Et à la fin, c’est (encore) Einstein qui gagne

Plus de 100 ans après qu'Albert Einstein a présenté sa théorie de la gravité, les scientifiques du monde entier poursuivent leurs efforts pour trouver des failles dans la relativité générale. Toute déviation observée par rapport à ses prédictions pourrait en effet être l’indice d’une nouvelle physique à même d’unifier les théories décrivant l’infiniment petit (monde quantique) et les plus grandes échelles.  

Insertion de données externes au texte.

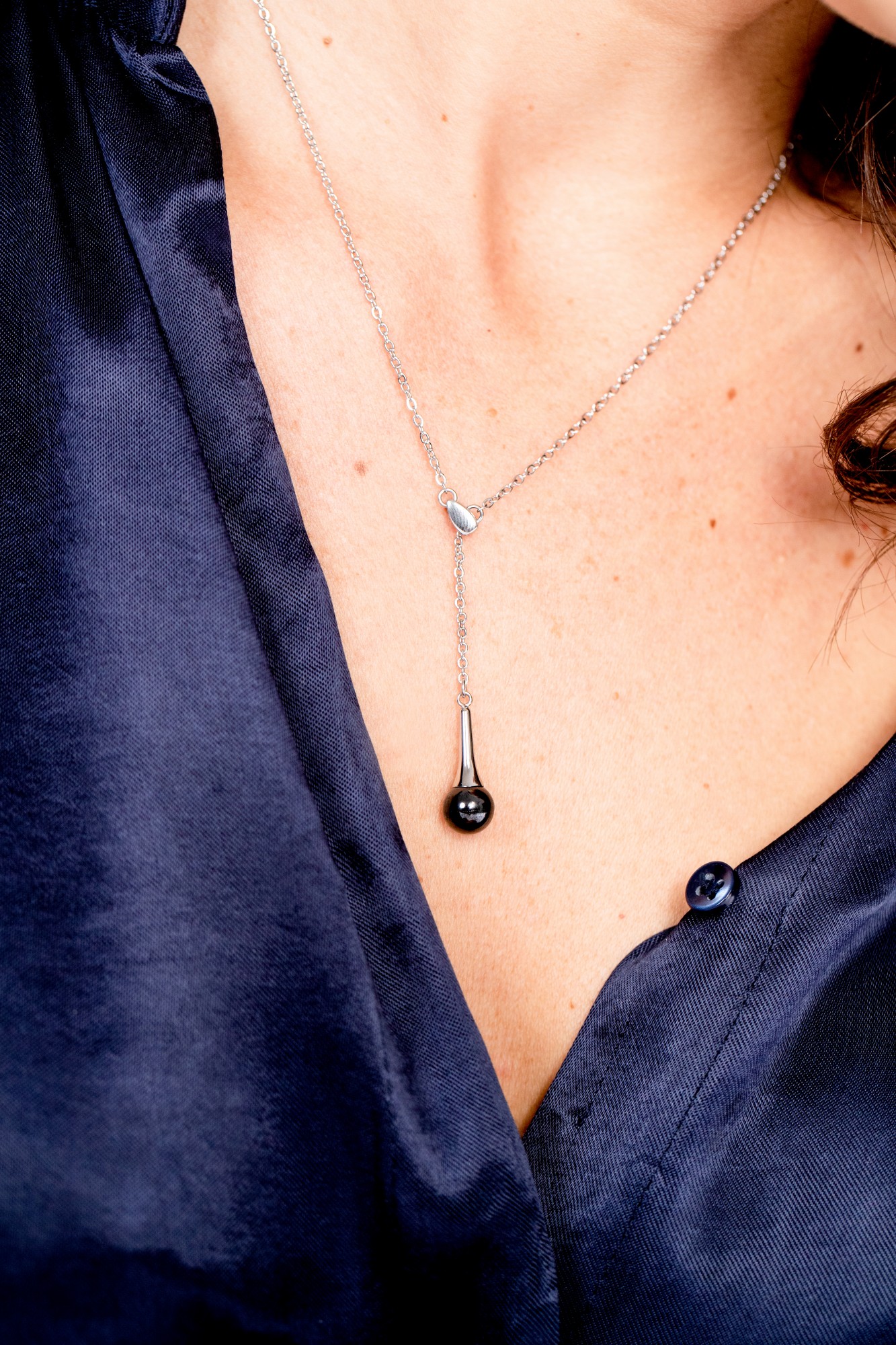 Collier Luce noir pour femme en céramique et acier 316L.

Dans ce but, une équipe internationale dirigée par l'Institut Max Planck de radioastronomie (Bonn, Allemagne) a étudié un système unique composé de deux pulsars, en orbite l’un autour de l’autre – des étoiles en fin de vie très compactes, hautement magnétisées et en rotation rapide2 qui produisent des faisceaux d’ondes radio balayant le ciel tels des phares. L’ensemble de ces caractéristiques font de ce système un laboratoire idéal pour tester la relativité générale. Découvert en 2003, il été observé pendant 16 ans avec sept radiotélescopes. Le radiotélescope décimétrique de Nançay (Cher), géré par l’Observatoire de Paris-PSL, le CNRS et l’Université d’Orléans, a ainsi enregistré les impulsions radio d’un des pulsars, une heure durant, deux ou trois fois par semaine, sur plus d’une décennie.

L’ensemble des données collectées (environ un million d’impulsions radio précisément chronométrés) a permis aux scientifiques de détecter de nombreux effets relativistes et de mesurer sept paramètres de la théorie de la relativité générale, certains de manière inédite. Un exemple : le fort champ gravitationnel de chaque pulsar en mouvement rapide courbe l’espace-temps autour de lui et dévie donc la trajectoire des ondes radio émises par l’autre pulsar. Non seulement le signal est détecté par les télescopes plus tard que s’il se propageait en ligne droite, mais l’angle infime de cette déviation (0,04 degré) a pu être déterminé pour la première fois.

Les scientifiques ont aussi pu tester une pierre angulaire de la théorie d'Einstein, l'émission d'ondes gravitationnelles (infimes oscillations de l’espace-temps), avec une précision 1000 fois supérieure à ce que permettent actuellement, en détection directe, les détecteurs d'ondes gravitationnelles3 . Ils ont également observé une conséquence de la célèbre équation E = mc² : le rayonnement du pulsar s’accompagne d’une perte de masse. Ou encore la dilatation du temps, qui s’écoule plus lentement en présence d’un fort champ gravitationnel.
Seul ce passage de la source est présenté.